--- START ---

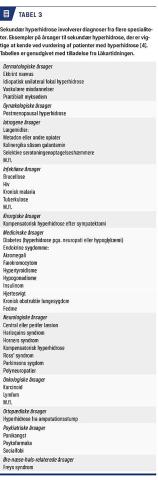 En række sygdomme, der involverer mange forskellige specialer, kan også forårsage overdreven svedtendens, som kaldes sekundær hyperhidrose (Tabel 3). Generaliseret hyperhidrose kan f.eks. forårsages af malignitet, infektion eller endokrine sygdomme, men patienterne har normalt også andre symptomer såsom vægttab, træthed, tilbagevendende feber, hjertebanken, nattesved osv.
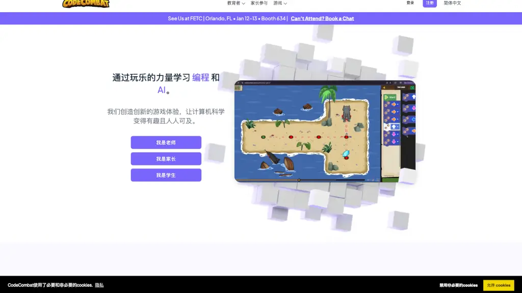 CodeCombat is an innovative and engaging platform designed to make learning programming languages like Python, JavaScript, and C++ both fun and accessible. By immersing students in a game-like environment, CodeCombat not only teaches the fundamentals of coding but also helps them develop critical thinking and problem-solving skills. Whether you're a beginner or looking to advance your coding knowledge, CodeCombat offers a variety of courses and challenges that cater to all levels. The platform's unique approach combines the excitement of gaming with the rigor of real-world programming, making it an ideal tool for educators, parents, and students alike.
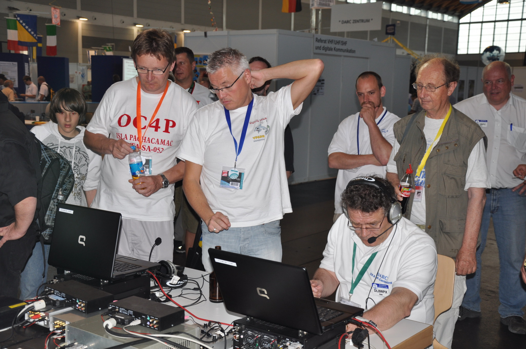 In der Zwischenzeit startete am BCC-Stand eine andere Vorführung: Unser WRTC-Team DL6FBL und DL3DXX baute seine Technik für einen letzten Test auf. Das Interesse der Besucher war riesig und viele Fragen mussten beantwortet werden. An dieser Stelle schon mal viel Glück und Erfolg in Moskau.
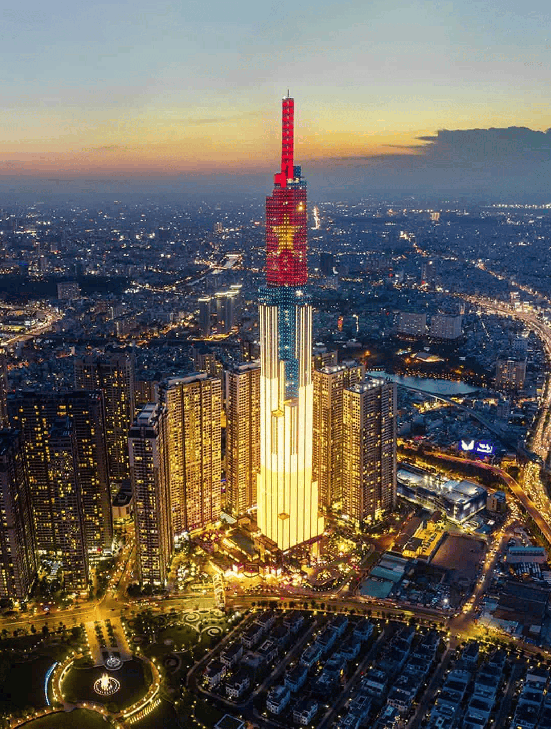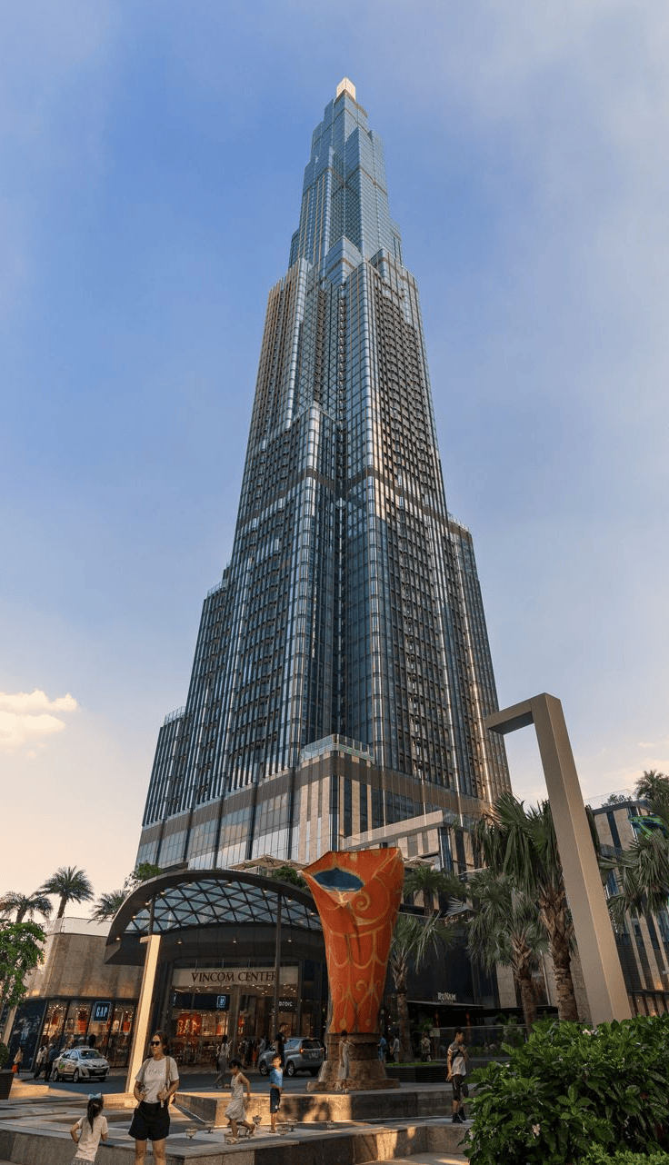 该大楼总建筑面积达241,000平方米,高461米,地上81层、地下3层,功能涵盖商业、住宅、酒店及观光。项目由越南最大私营企业Vingroup集团投资开发,耗资约14亿美元。
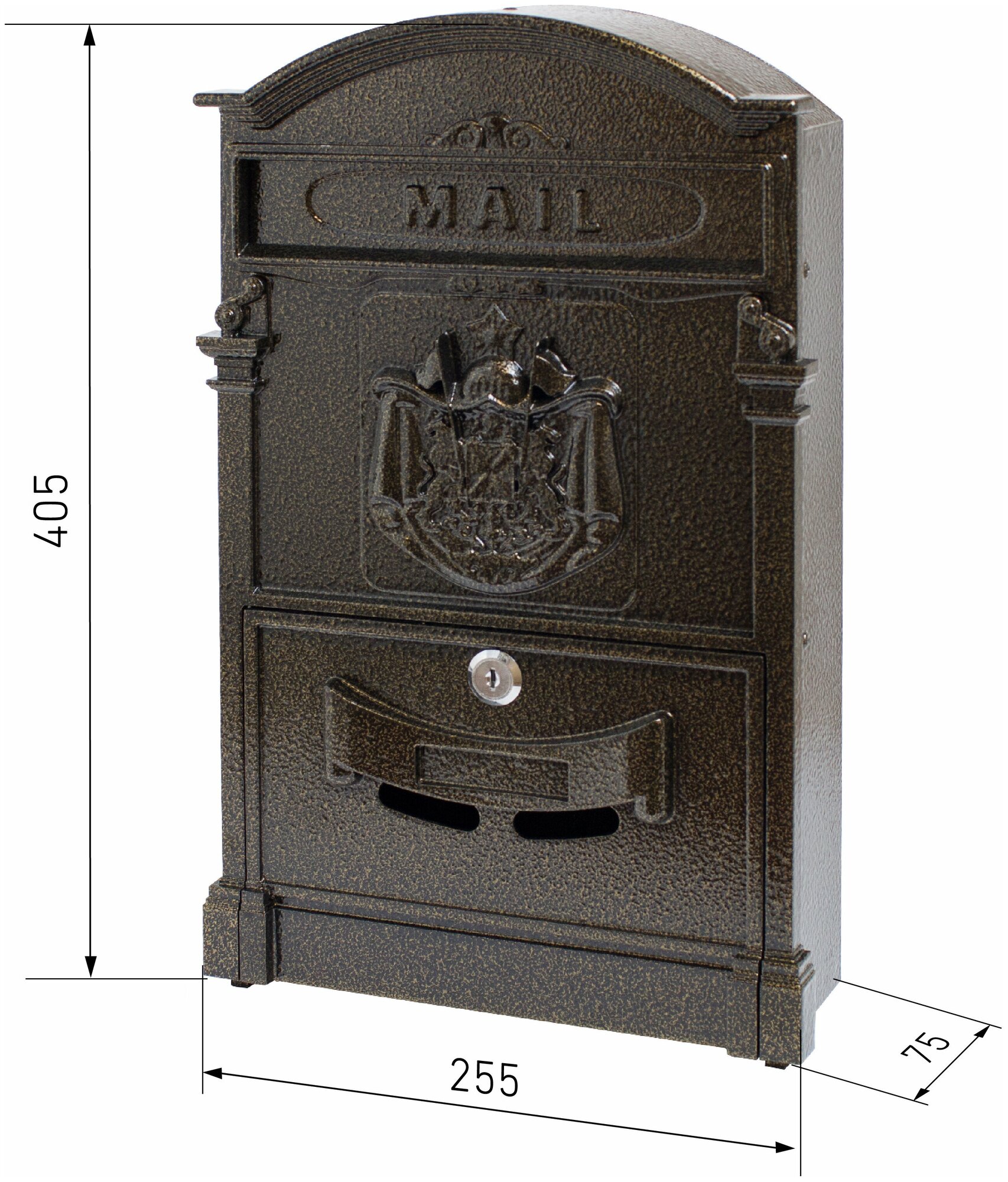 Ящик почтовый уличный для частного дома аллюр №4011В "Герб" старая медь
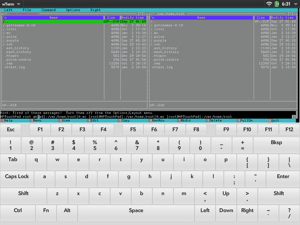 Описание: wTerm - это бесплатная программа, представляющая собой эмулятор linux-терминала и предназначенная для использования в среде webOS. wTerm является гибридным приложением (PDK/Enyo), оптимизированным для HP TouchPad (планируется поддержка телефонов ). wTerm поддерживает собственную виртуальную клавиатуру с 74 клавишами, среди которых Ctrl, Alt, Fn, ESC, стрелки и функциональные клавиши. wTerm также поддерживает аппаратное ускорение (то есть работает очень быстро) и настраиваемый размер шрифта.
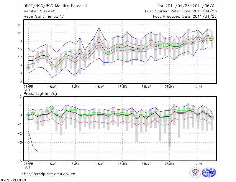 牡 丹 江 (LAT:44.57 LON:129.60) 2011-04-26        预测
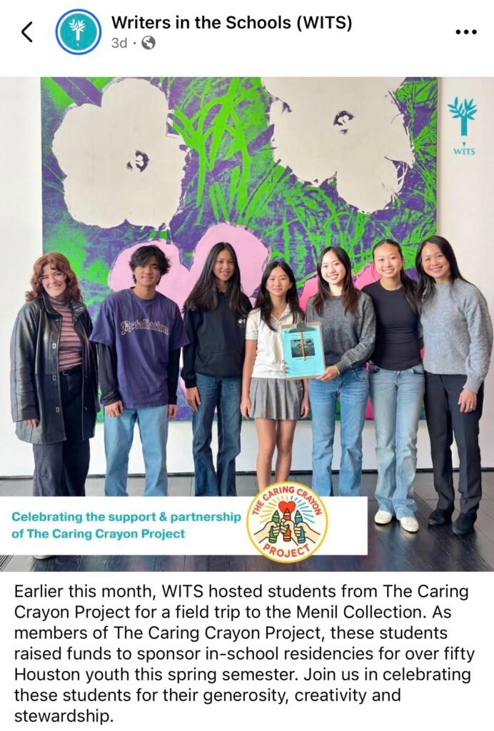 WITS hosted students from The Caring Crayon Project for a field trip to the Menil Collection.
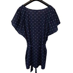 Navy blue top with polkadots (pink, or possibly a pale purple). Tie around the waist.
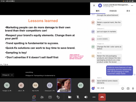 本网讯 为帮助创新班学子适应国际化教学,6月22日至6月28日,公司邀请法国雷恩商公司Philippe MIHAILOVICH教授讲授《国际奢侈品与品牌管理》线上系列公开课,公司60余名创新班员工参与了本次课程。
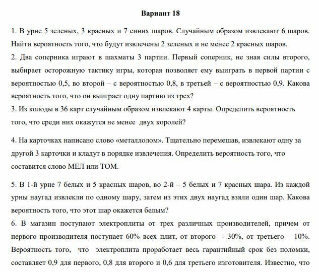 Вариант 18 - ДЗ №1 - Теория вероятностей - 9 Задач - Часть 1 «случайные события»
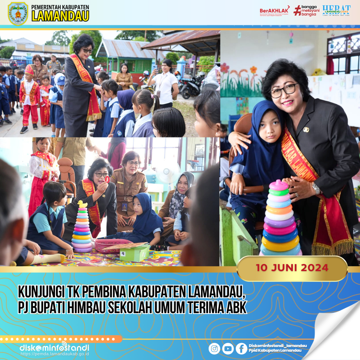 Nanga Bulik – Pj Bupati Lamandau Lilis Suriani sekaligus Selaku Bunda PAUD Kabupaten Lamandau, mengunjungi TK Negeri Pembina Kabupaten Lamandau di Jalan Melati, Senin (10/6).
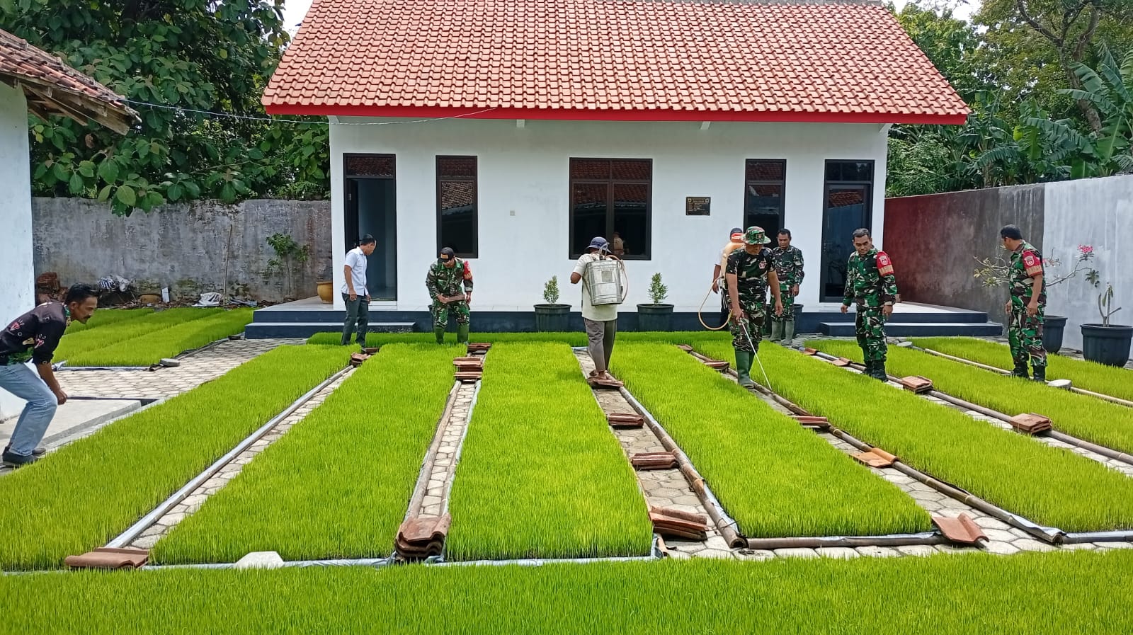 Di halaman balai desa Losari, nampak Serma Mujiyono sedang aktif melakukan pendampingan penyemprotan pupuk vegetatif dan biotonik dilahan penyemaian benih padi sinar mentari milik Kelompok Tani ( Poktan ) Tani Maju Desa Losari .

--- END ---

Excluding the pictures, restate word for word the lines from the one that holds "Ящик почтовый уличный" through the last line of the entries, both ends included.

 Ящик почтовый уличный для частного дома аллюр №4011В "Герб" старая медь
 Описание: wTerm - это бесплатная программа, представляющая собой эмулятор linux-терминала и предназначенная для использования в среде webOS. wTerm является гибридным приложением (PDK/Enyo), оптимизированным для HP TouchPad (планируется поддержка телефонов ). wTerm поддерживает собственную виртуальную клавиатуру с 74 клавишами, среди которых Ctrl, Alt, Fn, ESC, стрелки и функциональные клавиши. wTerm также поддерживает аппаратное ускорение (то есть работает очень быстро) и настраиваемый размер шрифта.
 牡 丹 江 (LAT:44.57 LON:129.60) 2011-04-26        预测
 WITS hosted students from The Caring Crayon Project for a field trip to the Menil Collection.
 Navy blue top with polkadots (pink, or possibly a pale purple). Tie around the waist.
 本网讯 为帮助创新班学子适应国际化教学,6月22日至6月28日,公司邀请法国雷恩商公司Philippe MIHAILOVICH教授讲授《国际奢侈品与品牌管理》线上系列公开课,公司60余名创新班员工参与了本次课程。
 Вариант 18 - ДЗ №1 - Теория вероятностей - 9 Задач - Часть 1 «случайные события»
 Nanga Bulik – Pj Bupati Lamandau Lilis Suriani sekaligus Selaku Bunda PAUD Kabupaten Lamandau, mengunjungi TK Negeri Pembina Kabupaten Lamandau di Jalan Melati, Senin (10/6).
 Di halaman balai desa Losari, nampak Serma Mujiyono sedang aktif melakukan pendampingan penyemprotan pupuk vegetatif dan biotonik dilahan penyemaian benih padi sinar mentari milik Kelompok Tani ( Poktan ) Tani Maju Desa Losari .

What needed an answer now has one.